A cryptocurrency shares enough similarities with a Eurocurrency to be considered a form of it. These similarities have significant implications for the future of finance. While the cryptocurrency’s decentralized nature presents regulatory and risk control challenges, these could be considered and adequately addressed by studying the long history of industry-wide efforts to develop the Eurocurrency’s OTC market.

Overall, the similarities between Eurocurrency and cryptocurrency highlight the potential benefits that could solve the challenges of developing an OTC cryptocurrency market. Therefore, it provides a potential solution for the current DeFi market limitations. It will be interesting to see how the relationship between Eurocurrency and cryptocurrency evolves further and how it impacts the future of finance.

The following section discusses how we can leverage our broad knowledge of the Euromarket to address the challenges of developing OTC, decentralized financial markets for cryptocurrencies.

Philosophy of Market Design

The Need for Standards

Similarly to the Eurocurrency, the cryptocurrency does not have a home country. However, it does have a home jurisdiction, represented by its home blockchain, governed by the decentralized network consensus, and enforced by the deployed code. Due to the unique governance models, advanced technical savviness requirements, and diverse rule enforcement systems, specific considerations are necessary when building financial markets on top of the blockchain system.

The Eurocurrency and Eurobond markets grew as interbank markets without a global regulator. Historically, Eurobanks and international organizations preferred these unregulated markets to seek more flexibility and efficiency. This greatly contributed to the rapid development of international financial markets. Transactions are conducted over-the-counter (OTC) and often involve cross-border transactions. To provide a legal framework for these transactions, standard definitions, and a legal documentation framework were developed, known as the ISDA Master Agreement.
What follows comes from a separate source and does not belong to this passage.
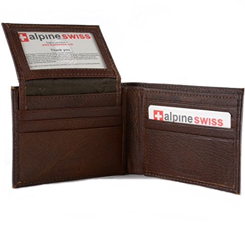 -. Binding : Apparel -. Brand : Alpine Swiss -. Color : Black -. Department : mens -. Feature : Measures 4 1/2" x 3 1/2" x 1" / Separated Bill Compartments allow you to keep the large bills put aside. / Multiple Card slots and additional Pockets. Removable ID Window on the inside top Flap. / Alpine Swiss Mountain Logo Inside, Cross Mark Outside / With 7 stitches to 1" this is a well crafted and durable wallet. -. Label : alpine swiss -. Manufacturer : alpine swiss -. Model : By Alpine Swiss -. MPN : 135-PARENT -. PackageQuantity : 1 -. PartNumber : 135-PARENT -. ProductGroup : Apparel -. ProductTypeName : ACCESSORY -. Publisher : alpine swiss -. Studio : alpine swiss -. Title : Alpine Swiss Men's Leather Bifold Wallet Removable Flip Up ID Window
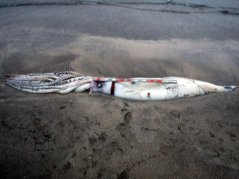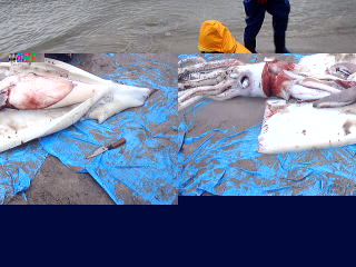 触腕がなくなっていましたが全長約3,5mのダイオオイカでした。

Standardization efforts across the industry and the great flexibility of the Eurocurrency have led to OTC derivatives markets becoming the most important financial markets, with a value of $632 trillion and the bedrock of the entire finance industry. Given these factors, cryptocurrency markets, with their less fragmented nature, higher transparency and efficiency, and lower pricing models, provide a unique opportunity to tap into the scalability of these trillion-dollar markets.

To make the interbank OTC market accessible to all, we must enable retail-sized trades by drastically reducing operating and legal compliance costs while continuing to ensure the same level of embedded security. Decentralized ledger technology, such as smart-contract-based settlement enforcement, can provide such a solution. We believe this is best achieved by designing smart contracts to replicate the Eurocurrency market ecosystem, including clearing counterparties, collateral margin calls, and the EMTN program, widely used among Eurobanks and international organizations to facilitate flexible Eurobond issuances.

Improving Secondary Market Liquidity

OTC trades are typically conducted on a peer-to-peer basis with the primary market. However, this can make it inefficient to bring sufficient liquidity to the secondary market when trying to unwind, cancel, or buyback transactions on a peer-to-peer negotiation basis.

DeFi (Decentralized Finance) introduced the counterparty pool as a solution, turning the peer-to-peer relationship into the peer-to-pool relationship. An open central counterparty pool works like a CCP, separating two counterparties and removing the need to find other counterparties. It has resulted in more liquidity being brought to the secondary market, making it a popular architecture.

However, the peer-to-pool architecture has some disadvantages, such as impermanent loss, external price dependency, and capital inefficiency. Impermanent loss comes from the use of pool price discovery algorithms, which can differ from the price being provided for such assets outside of the pool, depending on the price corrections made by arbitrageurs. The pool’s capital inefficiency is a result of a significant portion of the funds remaining unutilized.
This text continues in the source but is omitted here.